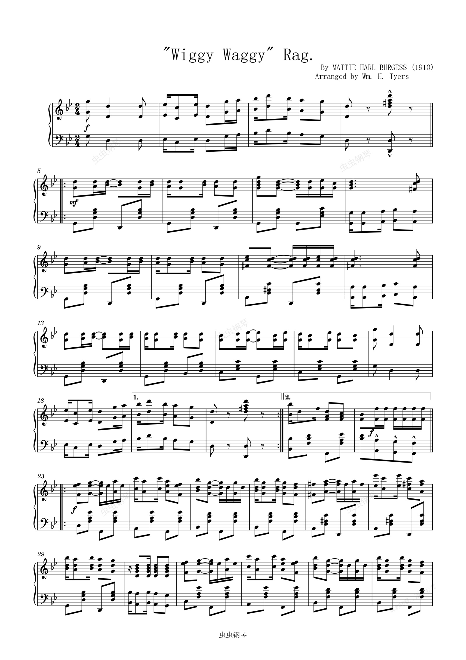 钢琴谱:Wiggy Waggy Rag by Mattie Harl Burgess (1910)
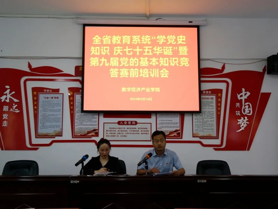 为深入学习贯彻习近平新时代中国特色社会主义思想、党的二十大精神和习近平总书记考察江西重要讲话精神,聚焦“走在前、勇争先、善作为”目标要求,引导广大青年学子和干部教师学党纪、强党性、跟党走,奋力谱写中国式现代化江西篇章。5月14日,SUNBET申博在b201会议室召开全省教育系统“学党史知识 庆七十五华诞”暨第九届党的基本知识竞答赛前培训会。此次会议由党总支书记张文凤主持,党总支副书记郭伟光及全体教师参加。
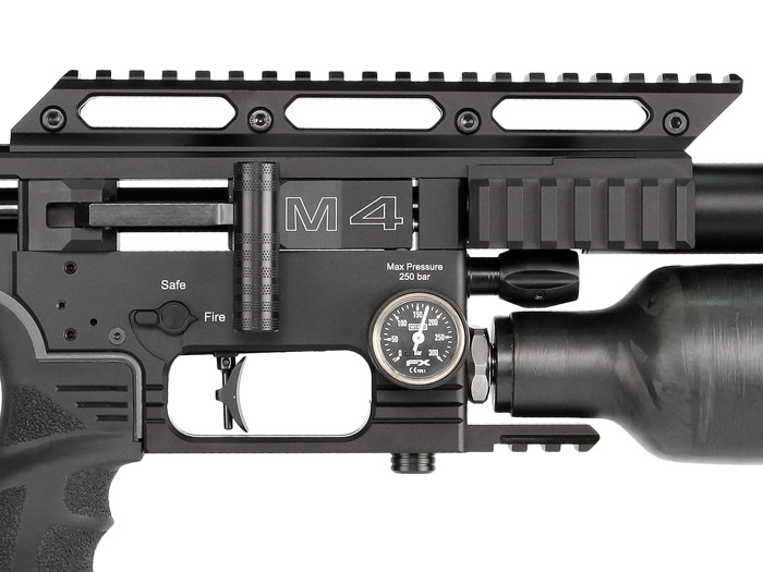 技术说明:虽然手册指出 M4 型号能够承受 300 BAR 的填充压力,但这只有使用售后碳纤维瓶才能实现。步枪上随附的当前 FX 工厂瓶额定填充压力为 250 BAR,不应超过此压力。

※ ※ ※

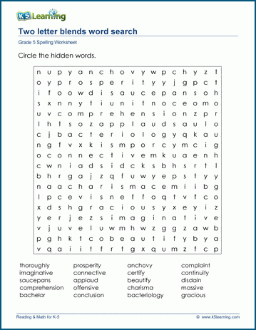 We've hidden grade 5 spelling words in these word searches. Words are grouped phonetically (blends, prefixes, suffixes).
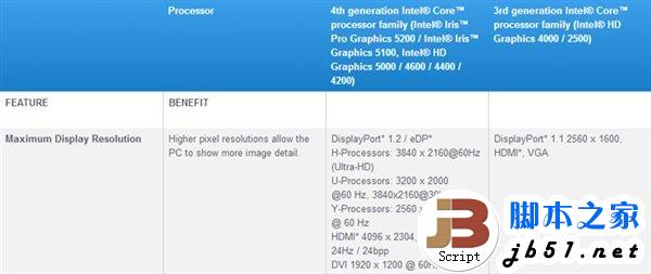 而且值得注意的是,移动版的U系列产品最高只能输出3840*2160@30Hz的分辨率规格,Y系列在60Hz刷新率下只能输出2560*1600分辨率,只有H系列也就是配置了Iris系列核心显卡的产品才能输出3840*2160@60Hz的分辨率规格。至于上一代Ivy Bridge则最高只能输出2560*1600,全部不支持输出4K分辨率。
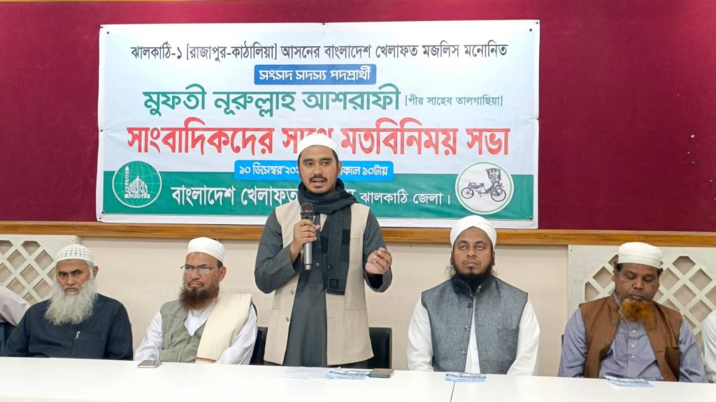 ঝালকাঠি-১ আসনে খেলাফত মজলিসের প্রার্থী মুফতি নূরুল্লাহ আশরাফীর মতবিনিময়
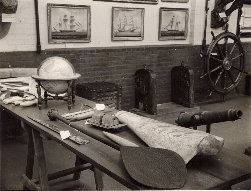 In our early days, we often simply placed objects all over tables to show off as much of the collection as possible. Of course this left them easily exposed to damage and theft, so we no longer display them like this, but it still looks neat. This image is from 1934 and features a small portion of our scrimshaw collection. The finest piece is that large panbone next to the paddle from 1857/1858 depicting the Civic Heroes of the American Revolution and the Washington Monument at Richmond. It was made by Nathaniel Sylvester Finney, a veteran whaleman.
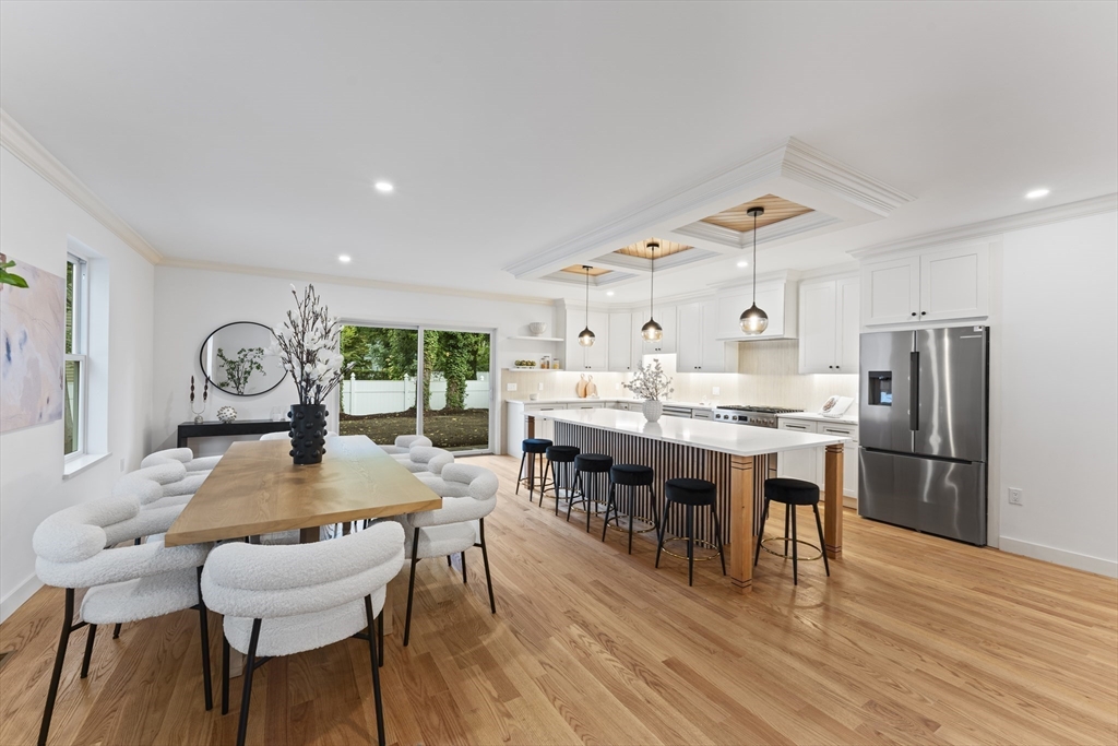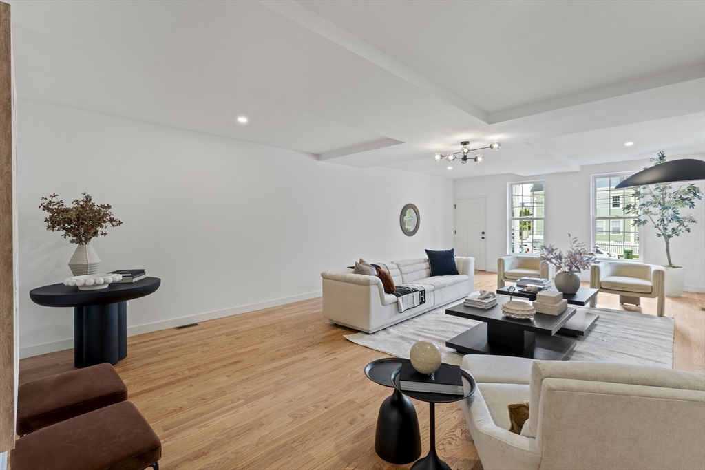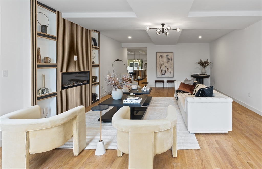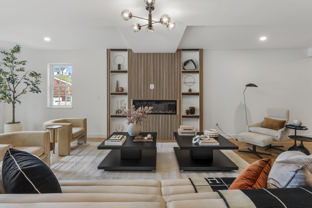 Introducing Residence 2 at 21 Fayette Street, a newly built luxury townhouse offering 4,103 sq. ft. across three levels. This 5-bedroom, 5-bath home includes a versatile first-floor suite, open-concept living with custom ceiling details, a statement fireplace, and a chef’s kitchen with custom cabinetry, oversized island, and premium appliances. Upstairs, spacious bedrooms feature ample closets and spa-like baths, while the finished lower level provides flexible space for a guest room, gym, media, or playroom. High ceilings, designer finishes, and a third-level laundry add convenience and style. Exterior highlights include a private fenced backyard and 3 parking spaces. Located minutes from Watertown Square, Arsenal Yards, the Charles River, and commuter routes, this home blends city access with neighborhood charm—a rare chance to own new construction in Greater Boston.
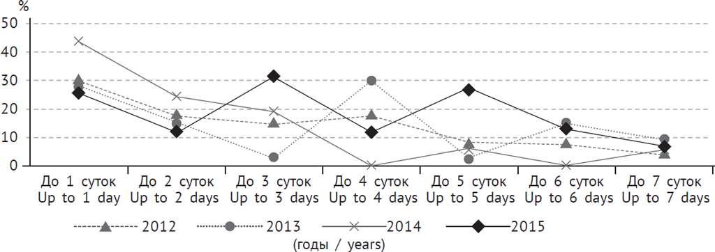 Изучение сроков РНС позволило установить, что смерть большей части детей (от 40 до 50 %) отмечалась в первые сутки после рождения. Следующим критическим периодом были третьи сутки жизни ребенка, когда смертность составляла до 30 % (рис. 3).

※ ※ ※

» WORK TO BE COMPLETED: Using the data above, retype exactly the lines from the line with "We've hidden grade" to the line with "In our early", inclusive. No pictures and nothing else.

» ANSWER FOR THE TASK:
 We've hidden grade 5 spelling words in these word searches. Words are grouped phonetically (blends, prefixes, suffixes).
 而且值得注意的是,移动版的U系列产品最高只能输出3840*2160@30Hz的分辨率规格,Y系列在60Hz刷新率下只能输出2560*1600分辨率,只有H系列也就是配置了Iris系列核心显卡的产品才能输出3840*2160@60Hz的分辨率规格。至于上一代Ivy Bridge则最高只能输出2560*1600,全部不支持输出4K分辨率。
 ঝালকাঠি-১ আসনে খেলাফত মজলিসের প্রার্থী মুফতি নূরুল্লাহ আশরাফীর মতবিনিময়
 In our early days, we often simply placed objects all over tables to show off as much of the collection as possible. Of course this left them easily exposed to damage and theft, so we no longer display them like this, but it still looks neat. This image is from 1934 and features a small portion of our scrimshaw collection. The finest piece is that large panbone next to the paddle from 1857/1858 depicting the Civic Heroes of the American Revolution and the Washington Monument at Richmond. It was made by Nathaniel Sylvester Finney, a veteran whaleman.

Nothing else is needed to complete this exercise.